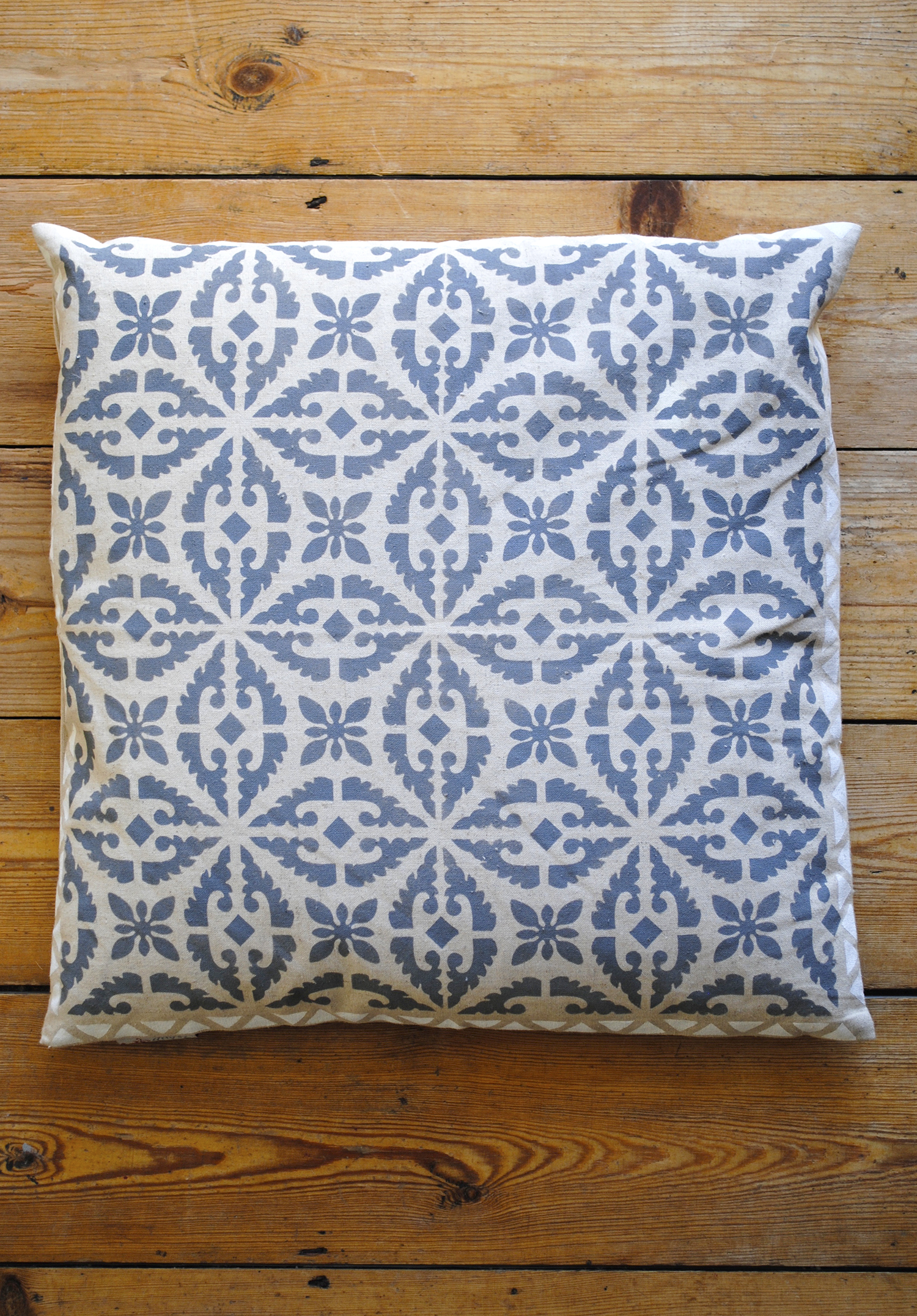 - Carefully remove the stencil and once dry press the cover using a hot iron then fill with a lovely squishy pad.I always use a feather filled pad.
...
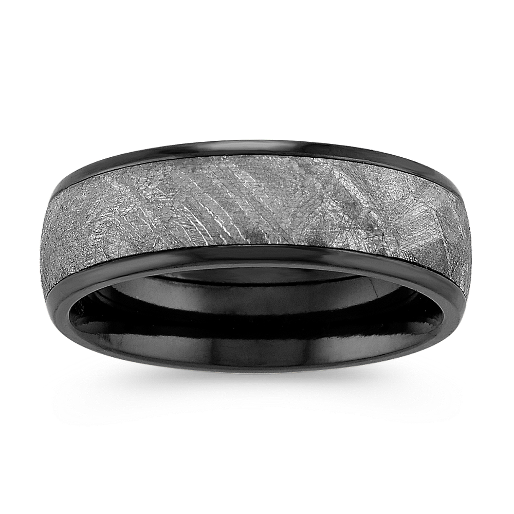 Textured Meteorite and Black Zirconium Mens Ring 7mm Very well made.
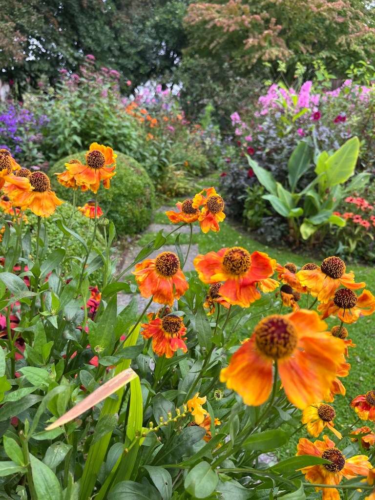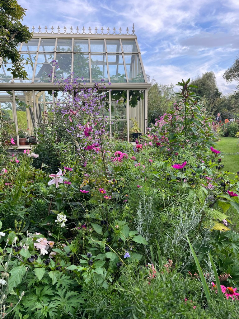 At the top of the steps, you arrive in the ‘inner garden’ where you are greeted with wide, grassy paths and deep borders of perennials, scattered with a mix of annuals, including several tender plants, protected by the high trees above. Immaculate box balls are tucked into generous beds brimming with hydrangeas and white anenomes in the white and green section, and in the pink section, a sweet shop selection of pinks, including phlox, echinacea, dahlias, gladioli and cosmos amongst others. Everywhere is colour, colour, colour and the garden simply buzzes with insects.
...
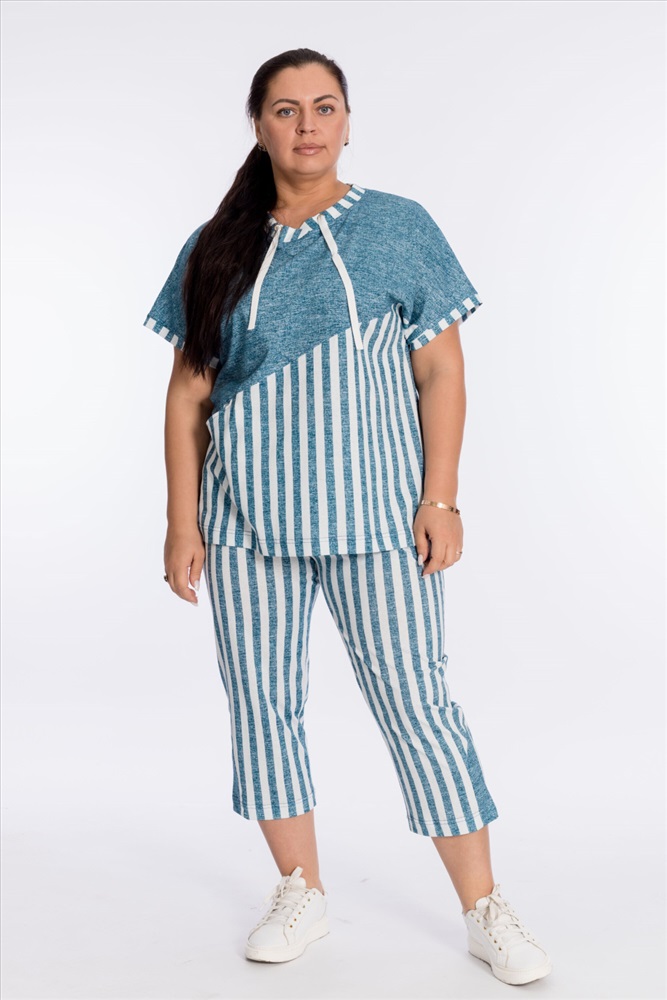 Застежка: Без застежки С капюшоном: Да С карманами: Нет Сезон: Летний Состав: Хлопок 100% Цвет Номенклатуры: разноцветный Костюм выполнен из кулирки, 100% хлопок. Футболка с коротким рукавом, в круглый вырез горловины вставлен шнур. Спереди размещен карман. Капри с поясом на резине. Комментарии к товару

* **TASK OBJECTIVE**
Would you transcribe the lines above exactly, going from the line bearing "Textured Meteorite and" through the line bearing "At the top of", and drop the pictures from the copy?

* **EXERCISE SOLUTION**
 Textured Meteorite and Black Zirconium Mens Ring 7mm Very well made.
 At the top of the steps, you arrive in the ‘inner garden’ where you are greeted with wide, grassy paths and deep borders of perennials, scattered with a mix of annuals, including several tender plants, protected by the high trees above. Immaculate box balls are tucked into generous beds brimming with hydrangeas and white anenomes in the white and green section, and in the pink section, a sweet shop selection of pinks, including phlox, echinacea, dahlias, gladioli and cosmos amongst others. Everywhere is colour, colour, colour and the garden simply buzzes with insects.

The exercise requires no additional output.